## Your instructions
When writing out the entries below, keep only the lines from the line with "ヒーロー風カッコイイあだ名 | 『天弓騎士カワ』『最強戦士カワツヨシコ』 |" to the line with "Större matbord i", both included, exactly as they are, and leave the pictures aside.

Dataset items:
=== Begin Enclosure ===

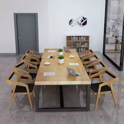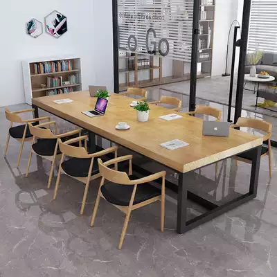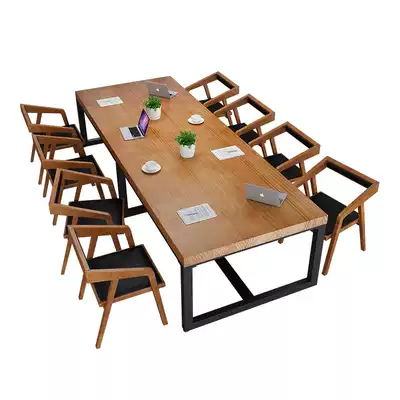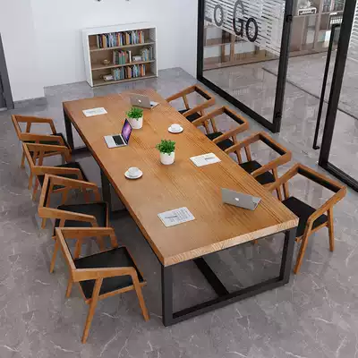Solid wood conference table long table simple modern desk industrial style training table size negotiation table and chair combination
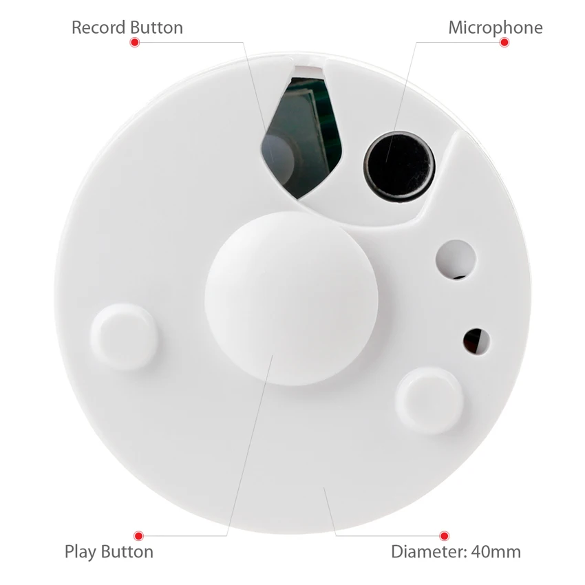 30 секунд диктофон-Записывает до 30 секунд настраиваемого аудио, легко перезаписывает ваше сообщение столько раз, сколько захотите. Ваше сообщение сохраняется, даже если батареи истощены или заменены.
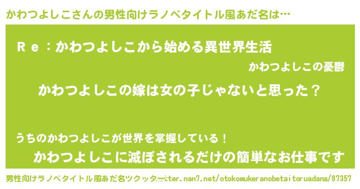 | ヒーロー風カッコイイあだ名 | 『天弓騎士カワ』『最強戦士カワツヨシコ』 |
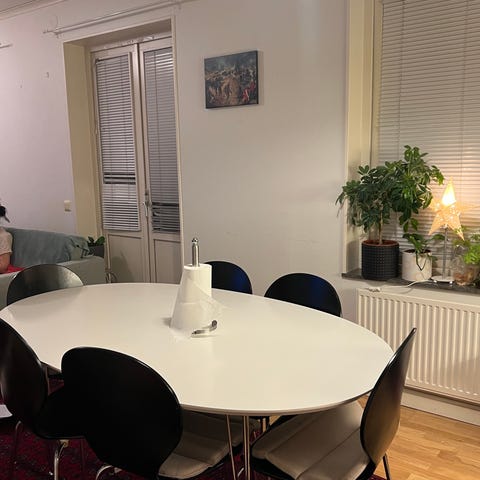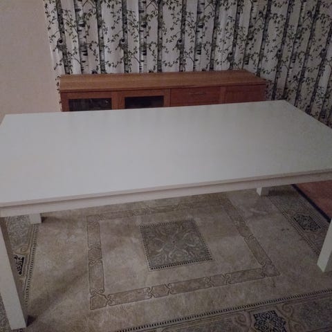 Större matbord i vitt, med iläggsskiva. Ca 3 meter långt med plats för 8-12 stolar.
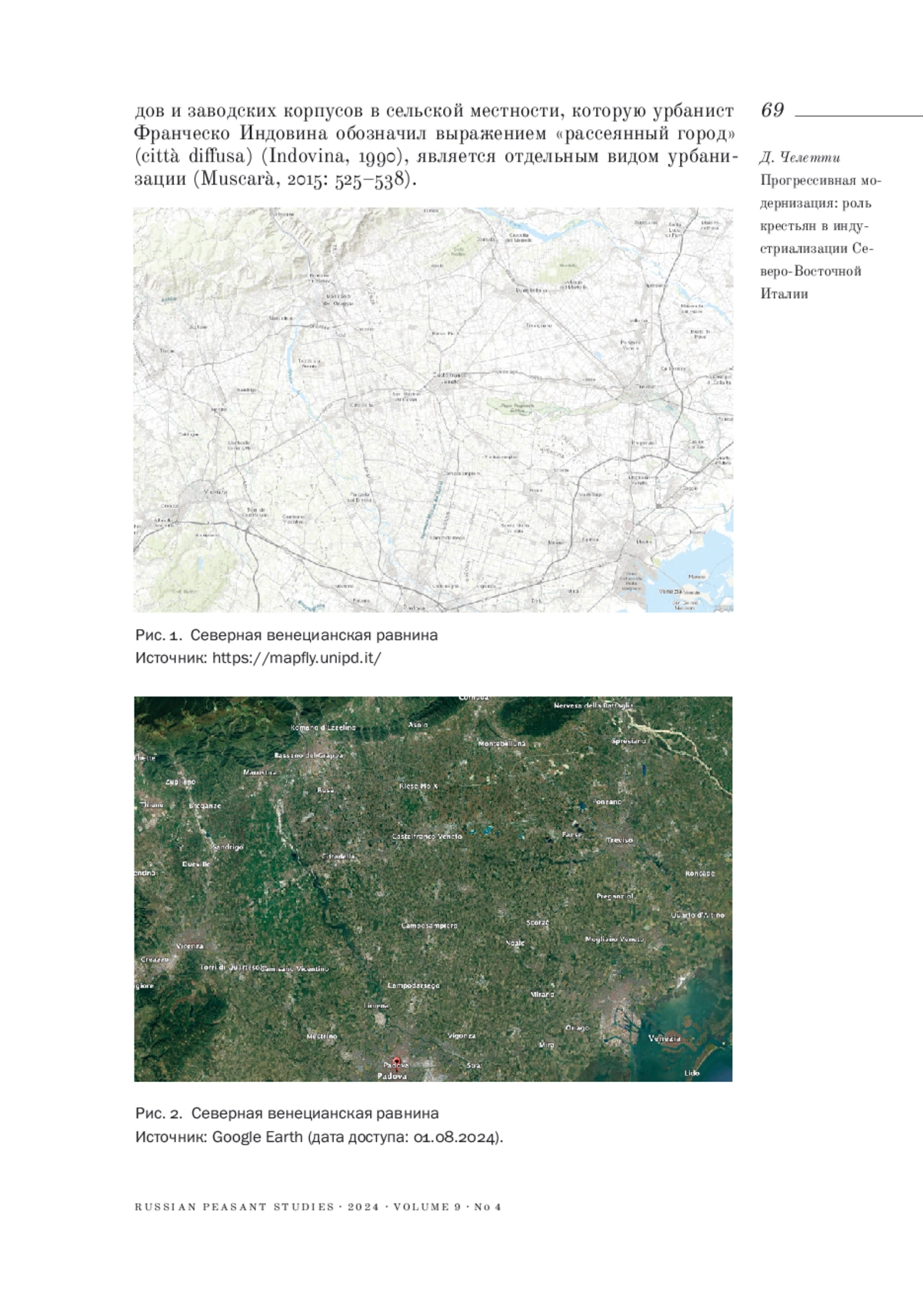 Процесс индустриализации Северо-Восточной Италии и, в частности, Северной Венецианской равнины шел вне городских центров, на аграрных территориях, для которых исторически было характерно землепользование, основанное на гармоничном сосуществовании различных культур в рамках отдельных мелких землевладений. Данная статья посвящена ключевым сдвигам, провоцирующим широкое распространение индустриальной деятельности на сельской территории и активное участие сельского населения в промышленном производстве. Материал статьи организован следующим образом: в первом разделе анализируется научная литература о путях региональной модернизации; во втором разделе представлены основные черты традиционного сельского хозяйства Северо-Восточной Венецианской равнины; в третьем рассматриваются изменения в отраслевой структуре местной экономики в период индустриализации. В заключении подводятся итоги и описываются текущие преобразования в местной экономике, обществе и ландшафте.
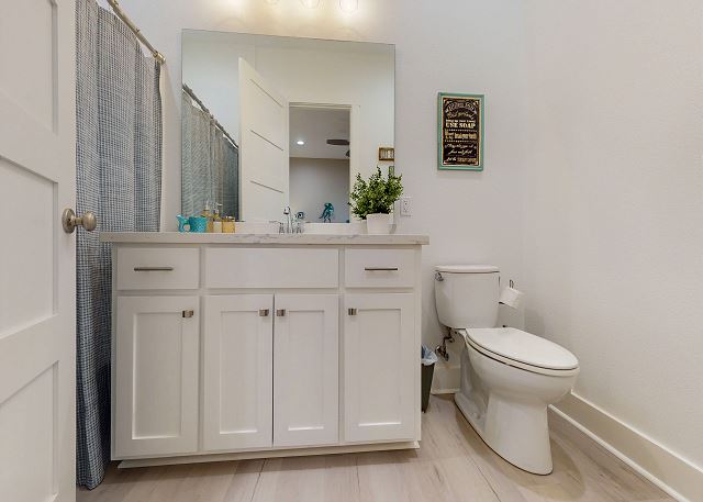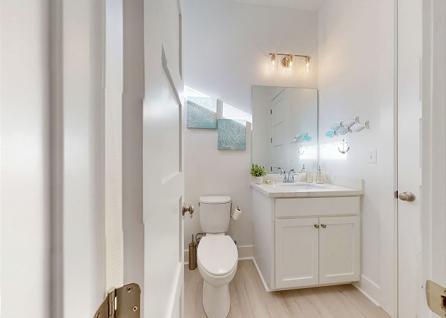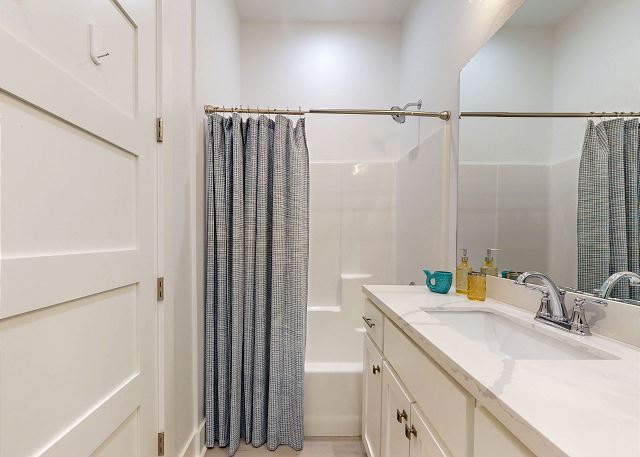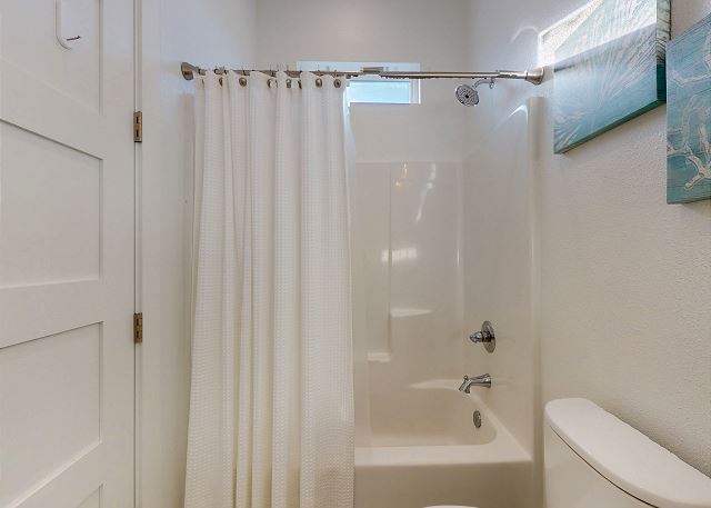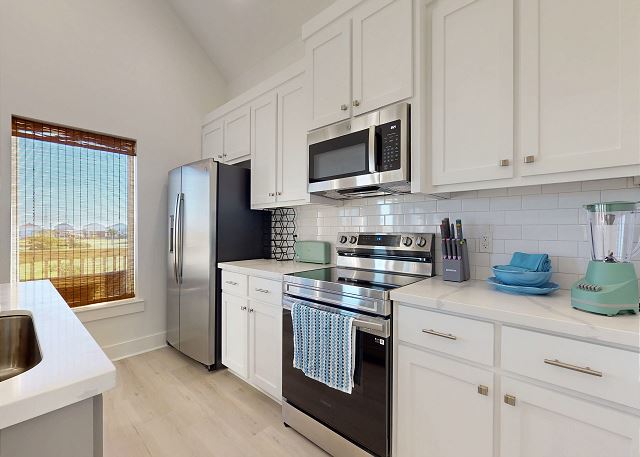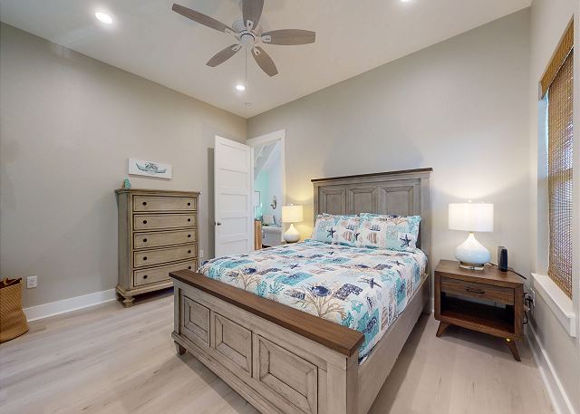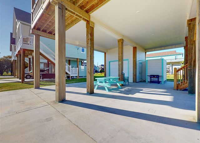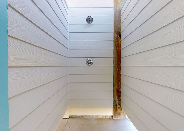 After a day of sun and sand, rinse off in the outdoor shower and unwind under the stars. There is a charcoal grill for dining al fresco, and space for just relaxing with family and friends. You will want to come back again for A Beach'en Good Time!
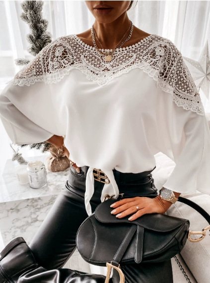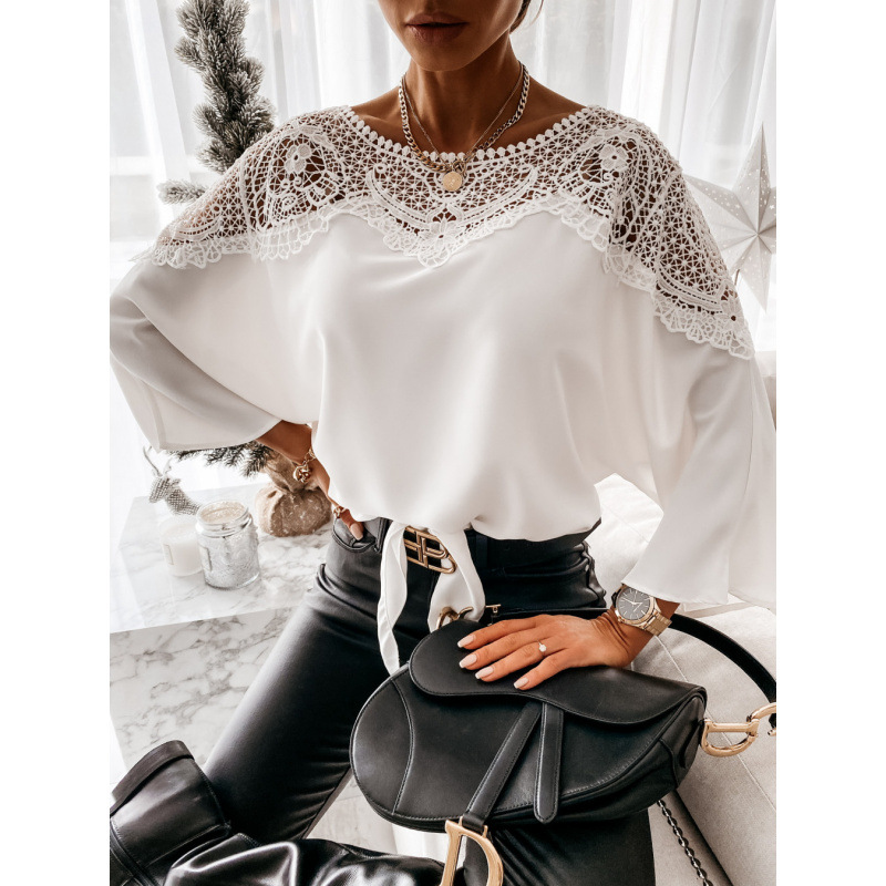 Независимая станция Amazon 2025, весенне-осенняя новая кружевная рубашка с длинными рукавами, однотонная рубашка с круглым вырезом для поездок на работу
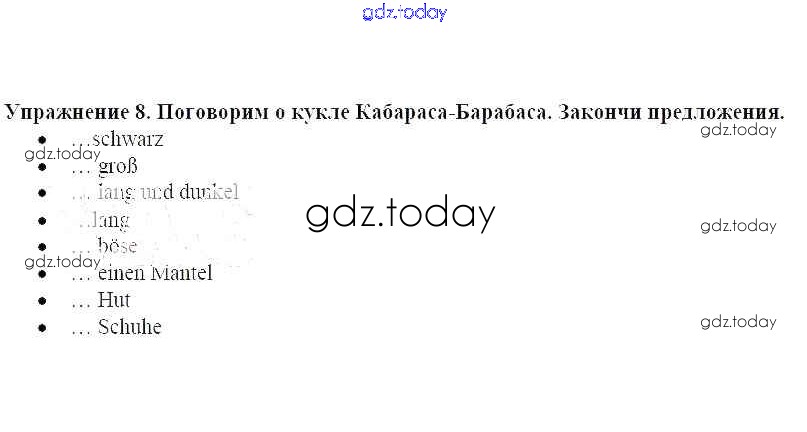 На страницах сайта gdz.today вы найдете учебный и вспомогательный материал, направленный на улучшения знаний школьной программы. ГДЗ - онлайн мир знаний Чтение прибавляет ума Решение к главе 7. В конце учебного года – весёлый маскарад! 8 Рабочей тетради по Немецкому языку для 6 класса Бим, Фомичева Просвещение 2008

=== End Enclosure ===

## Your solution
 | ヒーロー風カッコイイあだ名 | 『天弓騎士カワ』『最強戦士カワツヨシコ』 |
 Större matbord i vitt, med iläggsskiva. Ca 3 meter långt med plats för 8-12 stolar.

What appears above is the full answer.